[Dataset entries]

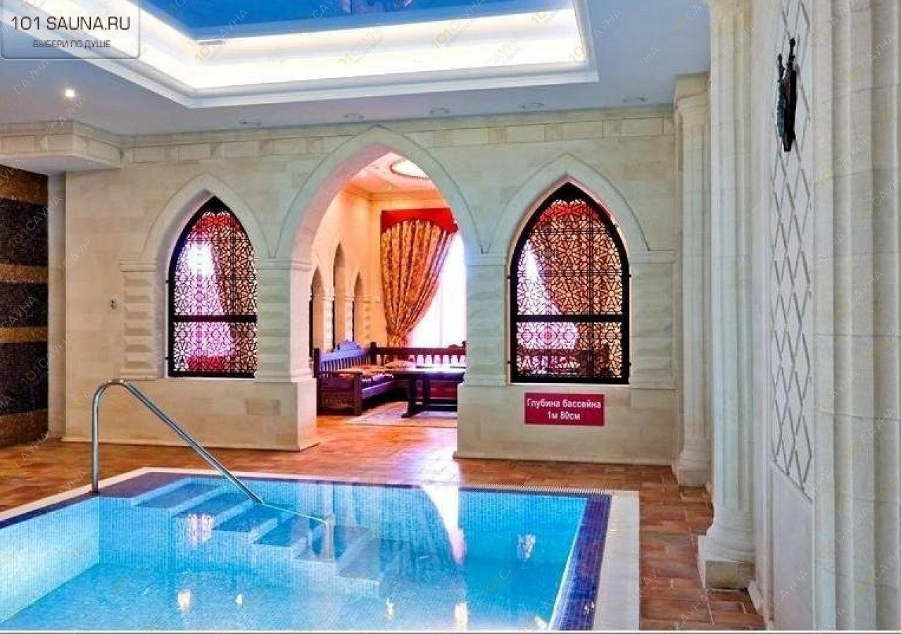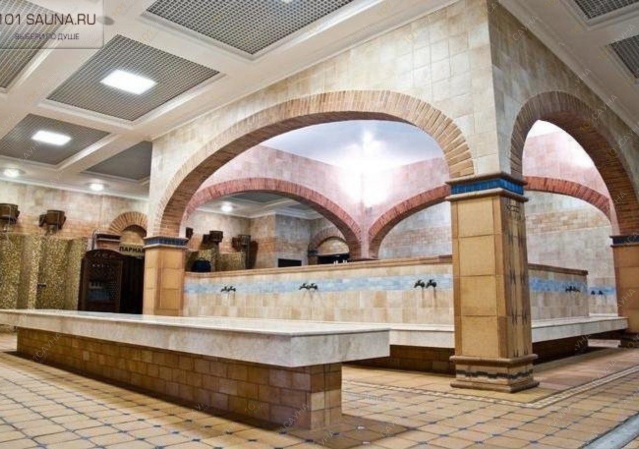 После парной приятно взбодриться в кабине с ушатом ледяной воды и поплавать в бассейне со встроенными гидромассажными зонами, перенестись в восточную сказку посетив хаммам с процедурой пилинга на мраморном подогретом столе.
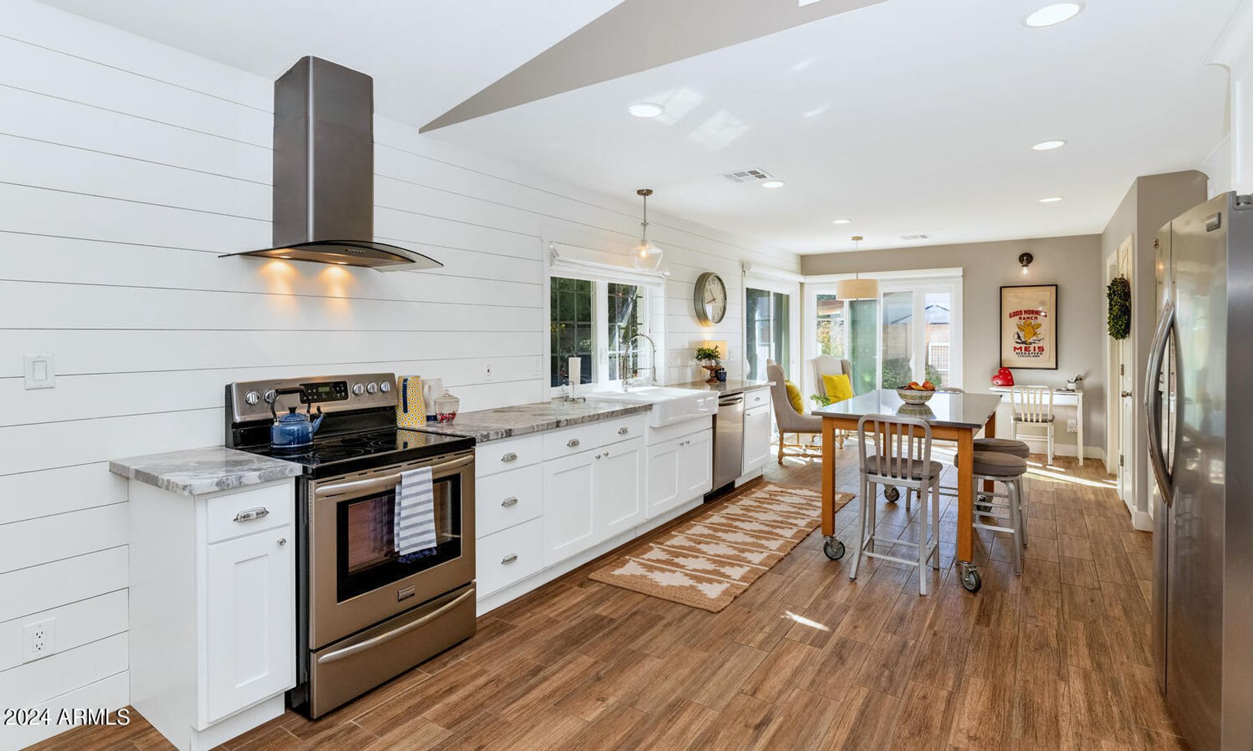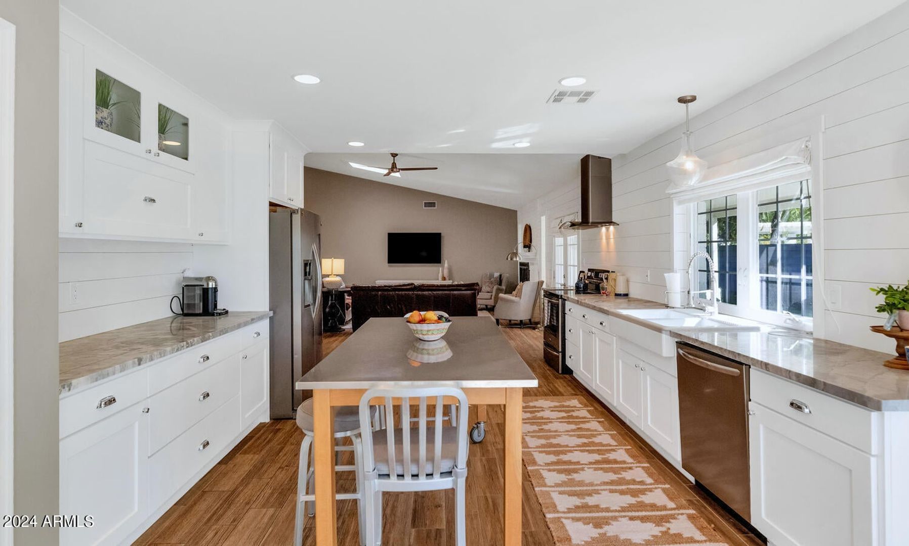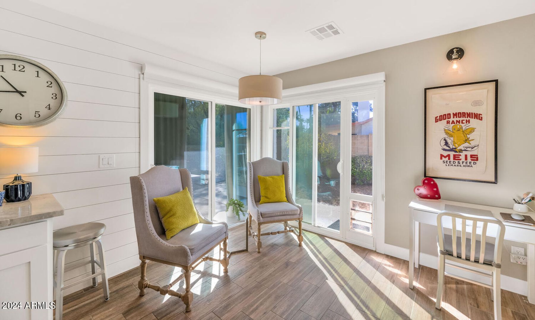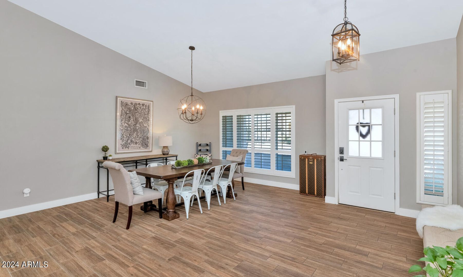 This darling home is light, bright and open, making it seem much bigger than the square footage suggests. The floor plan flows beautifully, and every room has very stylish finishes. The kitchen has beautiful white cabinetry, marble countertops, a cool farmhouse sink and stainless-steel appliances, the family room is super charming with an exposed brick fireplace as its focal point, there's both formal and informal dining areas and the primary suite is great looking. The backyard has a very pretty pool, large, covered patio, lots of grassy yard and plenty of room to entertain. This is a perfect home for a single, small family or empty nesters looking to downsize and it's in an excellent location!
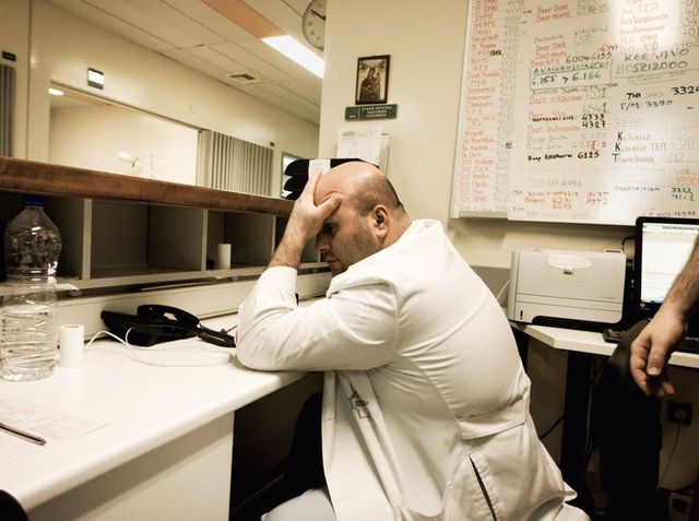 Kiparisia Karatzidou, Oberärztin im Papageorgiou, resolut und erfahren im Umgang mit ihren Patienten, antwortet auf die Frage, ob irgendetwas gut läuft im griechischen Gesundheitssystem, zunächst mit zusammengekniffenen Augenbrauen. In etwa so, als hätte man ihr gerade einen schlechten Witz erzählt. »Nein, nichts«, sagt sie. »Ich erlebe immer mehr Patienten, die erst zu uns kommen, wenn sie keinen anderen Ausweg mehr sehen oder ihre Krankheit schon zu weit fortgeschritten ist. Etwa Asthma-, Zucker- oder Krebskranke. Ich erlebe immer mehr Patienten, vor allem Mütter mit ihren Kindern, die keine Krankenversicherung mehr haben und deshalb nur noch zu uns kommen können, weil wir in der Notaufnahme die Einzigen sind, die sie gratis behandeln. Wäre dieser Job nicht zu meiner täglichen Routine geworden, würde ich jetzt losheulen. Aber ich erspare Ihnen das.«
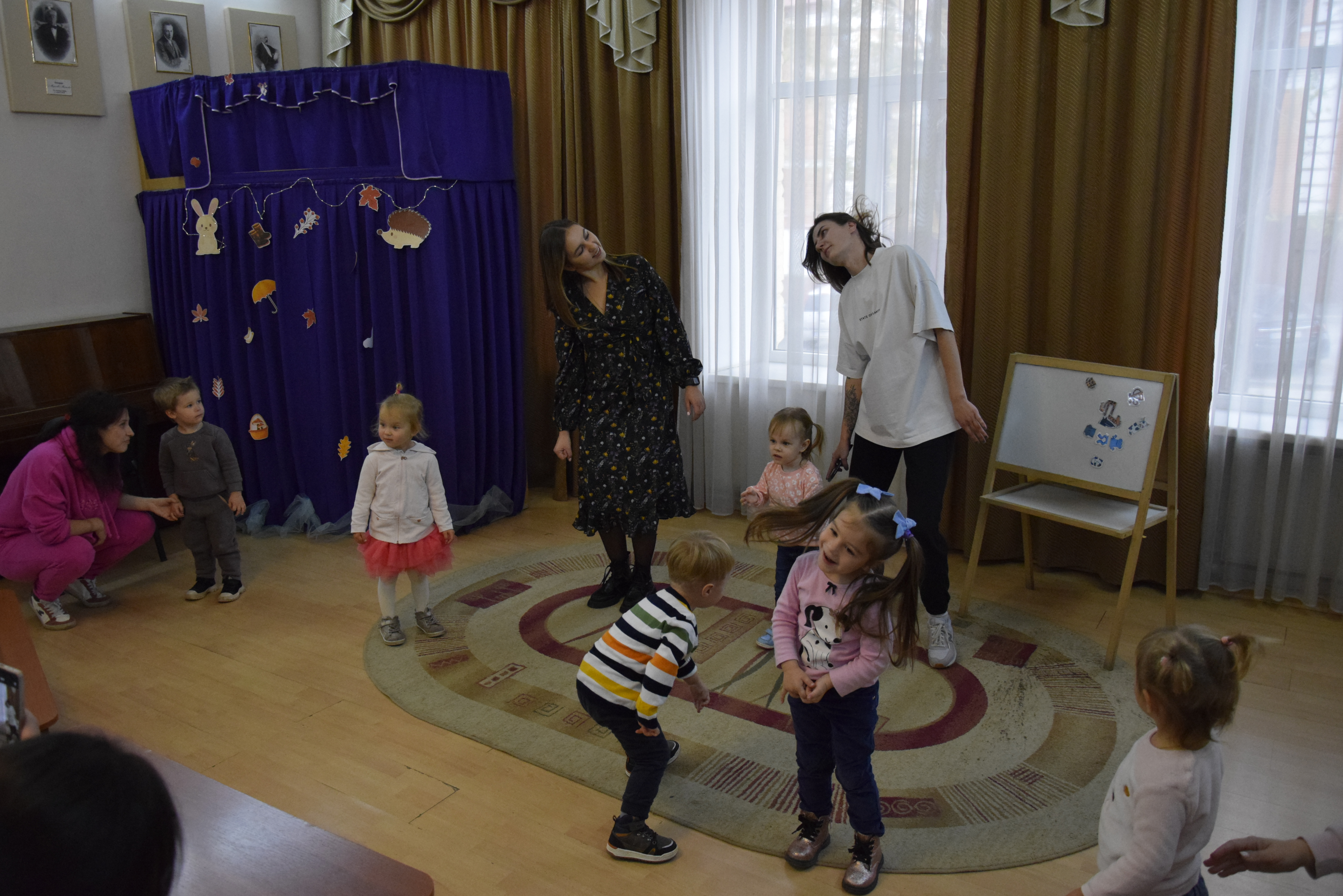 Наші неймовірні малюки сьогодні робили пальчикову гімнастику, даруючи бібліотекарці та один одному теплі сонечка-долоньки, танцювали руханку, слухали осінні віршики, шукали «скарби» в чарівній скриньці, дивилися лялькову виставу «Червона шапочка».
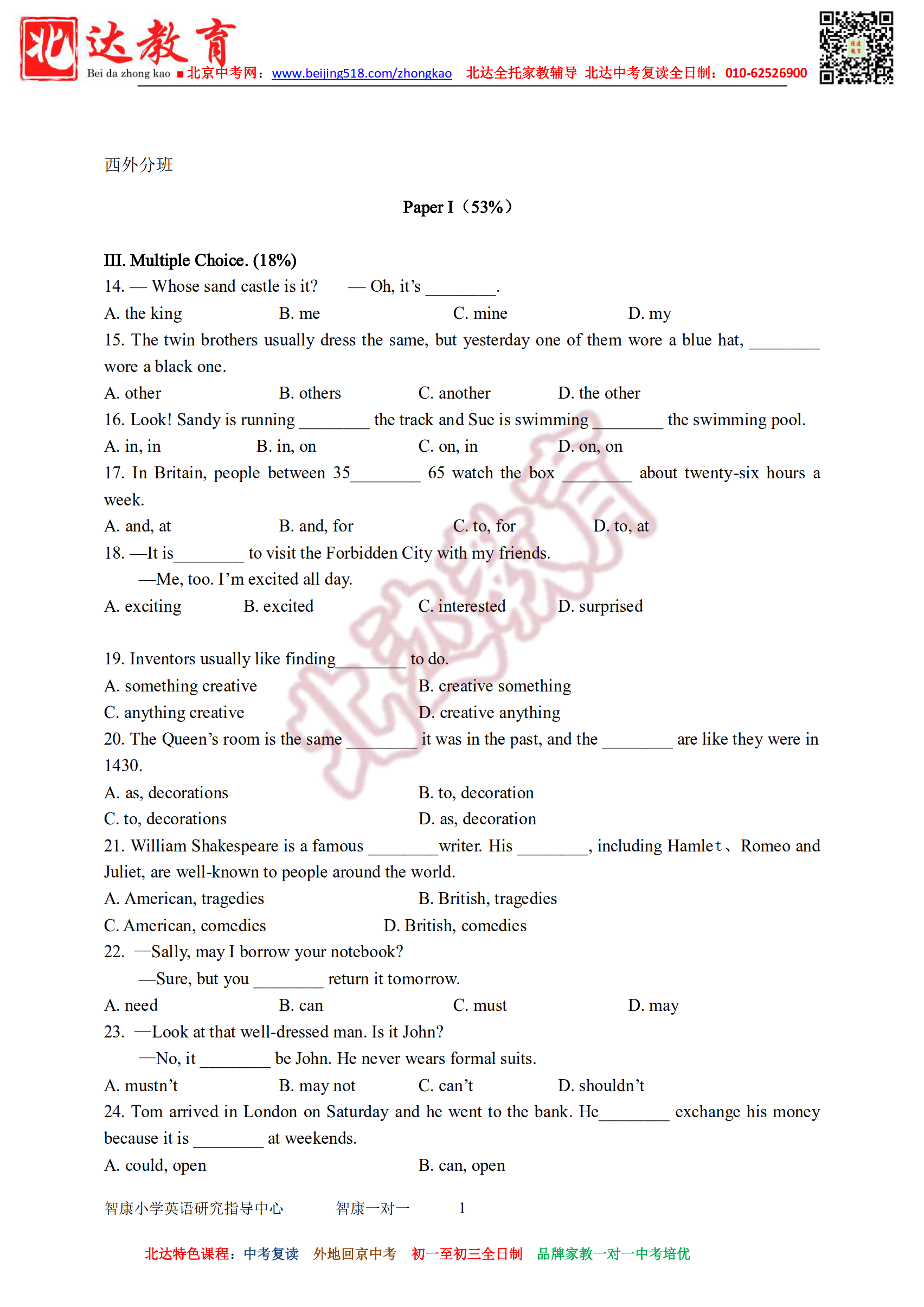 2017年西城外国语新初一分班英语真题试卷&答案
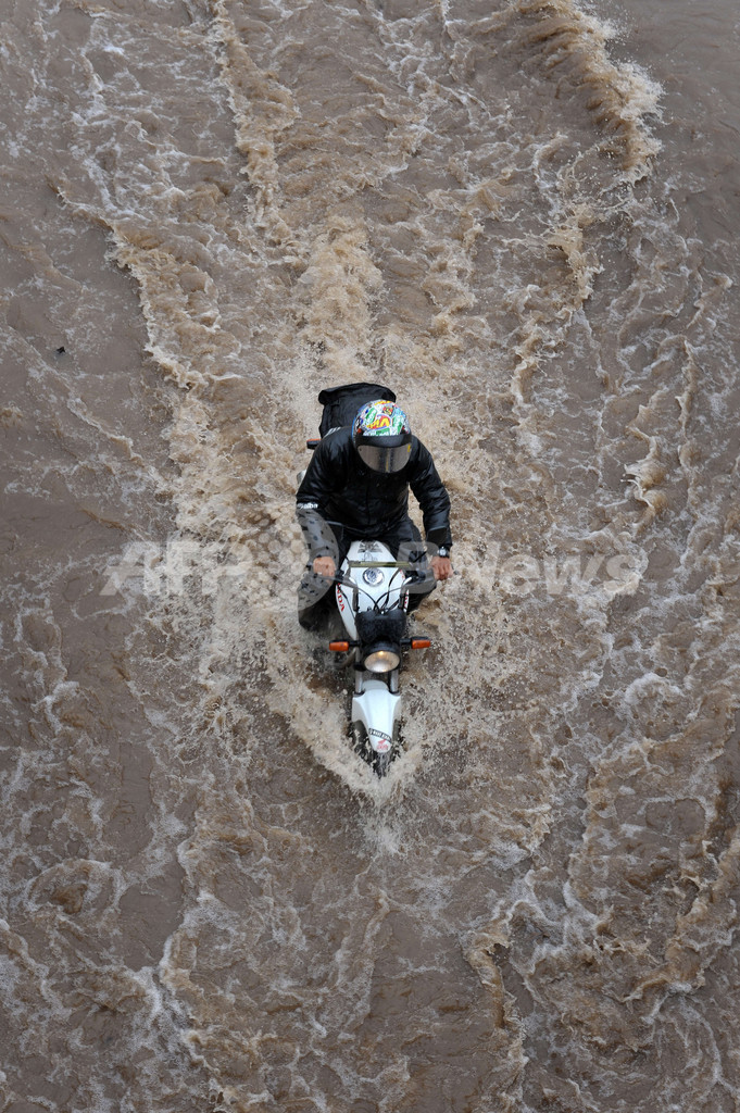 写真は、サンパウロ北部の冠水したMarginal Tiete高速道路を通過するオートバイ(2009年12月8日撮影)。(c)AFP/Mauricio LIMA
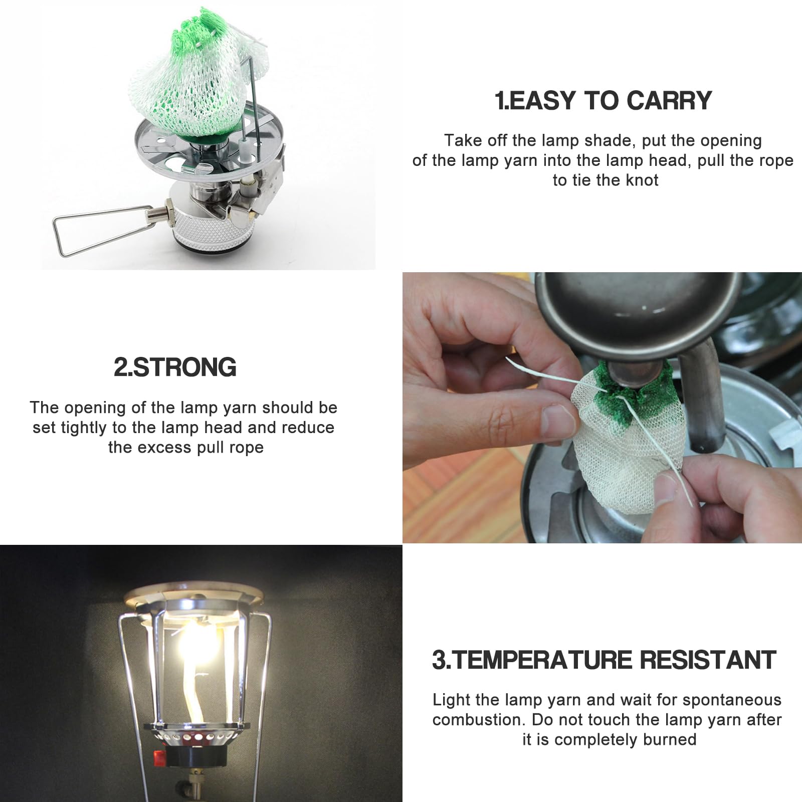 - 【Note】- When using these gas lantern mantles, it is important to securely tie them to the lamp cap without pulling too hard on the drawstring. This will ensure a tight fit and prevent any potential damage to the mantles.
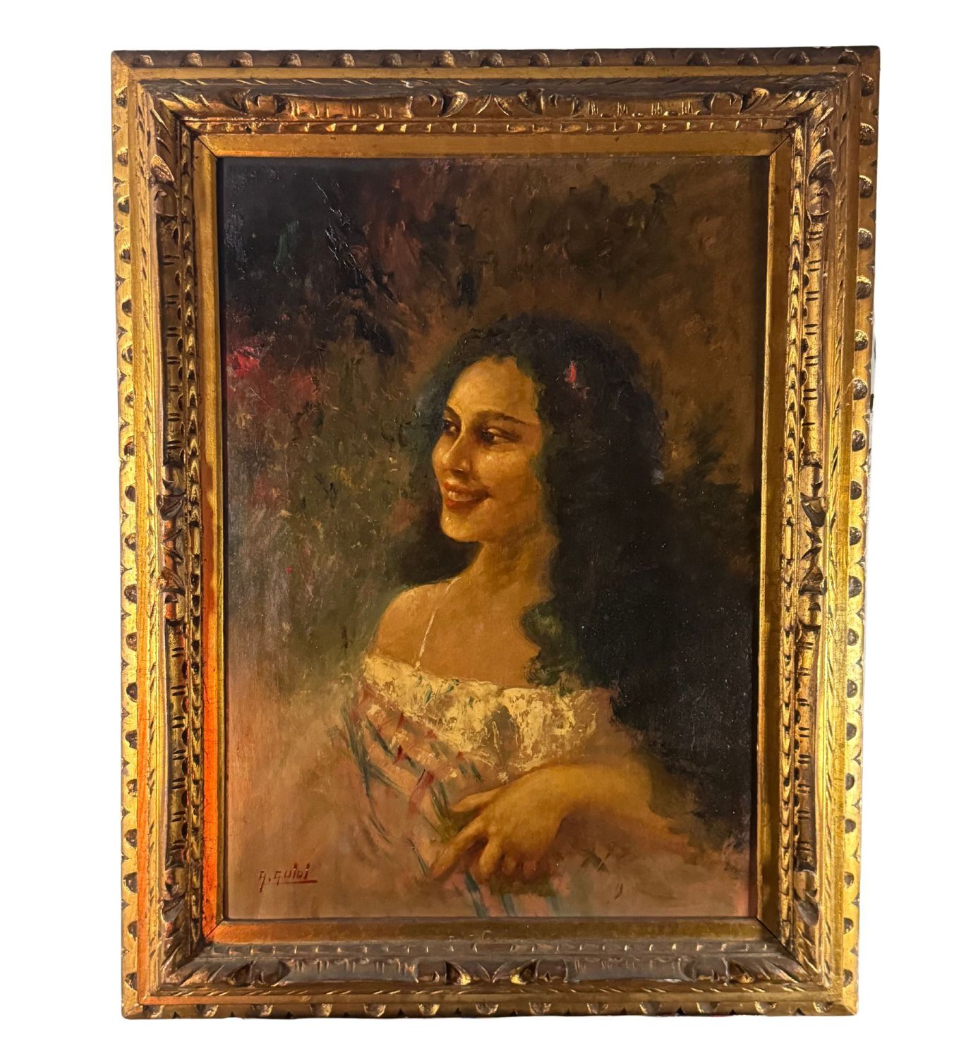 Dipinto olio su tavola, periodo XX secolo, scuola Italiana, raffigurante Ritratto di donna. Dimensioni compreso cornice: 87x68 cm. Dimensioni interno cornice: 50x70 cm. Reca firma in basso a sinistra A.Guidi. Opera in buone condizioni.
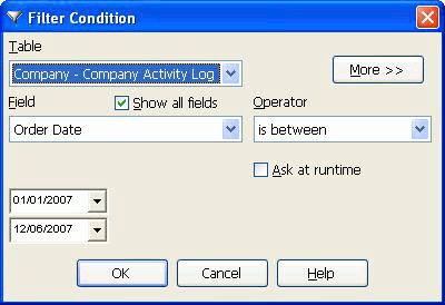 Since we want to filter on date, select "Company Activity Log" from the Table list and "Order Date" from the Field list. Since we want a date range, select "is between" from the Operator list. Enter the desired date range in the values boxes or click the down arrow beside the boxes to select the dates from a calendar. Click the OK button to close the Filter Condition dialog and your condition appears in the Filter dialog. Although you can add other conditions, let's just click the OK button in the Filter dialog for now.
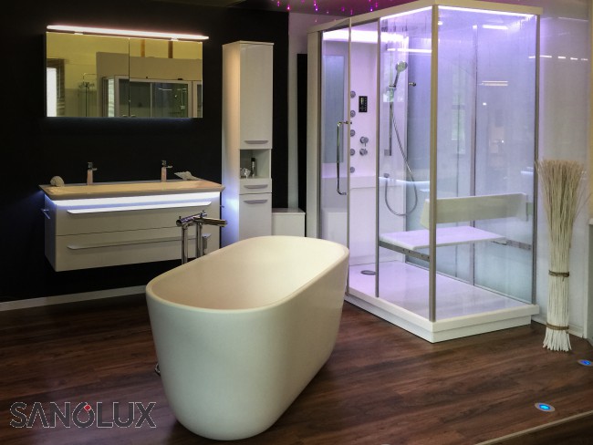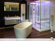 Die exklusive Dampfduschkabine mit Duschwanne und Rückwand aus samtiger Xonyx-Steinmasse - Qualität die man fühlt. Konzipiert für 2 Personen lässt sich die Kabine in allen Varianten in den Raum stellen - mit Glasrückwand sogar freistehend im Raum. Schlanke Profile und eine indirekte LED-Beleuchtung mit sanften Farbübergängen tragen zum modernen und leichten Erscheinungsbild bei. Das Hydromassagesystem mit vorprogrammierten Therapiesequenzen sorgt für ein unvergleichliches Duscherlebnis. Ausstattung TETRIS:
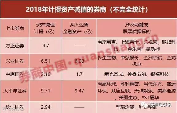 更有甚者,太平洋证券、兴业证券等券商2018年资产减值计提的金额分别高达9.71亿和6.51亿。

## AIM OF THE TASK
Pictures do not belong in your copy; restate word for word the lines from the one containing "Since we want to" through the last line of the records above.

## RESULT BELOW
 Since we want to filter on date, select "Company Activity Log" from the Table list and "Order Date" from the Field list. Since we want a date range, select "is between" from the Operator list. Enter the desired date range in the values boxes or click the down arrow beside the boxes to select the dates from a calendar. Click the OK button to close the Filter Condition dialog and your condition appears in the Filter dialog. Although you can add other conditions, let's just click the OK button in the Filter dialog for now.
 Die exklusive Dampfduschkabine mit Duschwanne und Rückwand aus samtiger Xonyx-Steinmasse - Qualität die man fühlt. Konzipiert für 2 Personen lässt sich die Kabine in allen Varianten in den Raum stellen - mit Glasrückwand sogar freistehend im Raum. Schlanke Profile und eine indirekte LED-Beleuchtung mit sanften Farbübergängen tragen zum modernen und leichten Erscheinungsbild bei. Das Hydromassagesystem mit vorprogrammierten Therapiesequenzen sorgt für ein unvergleichliches Duscherlebnis. Ausstattung TETRIS:
 更有甚者,太平洋证券、兴业证券等券商2018年资产减值计提的金额分别高达9.71亿和6.51亿。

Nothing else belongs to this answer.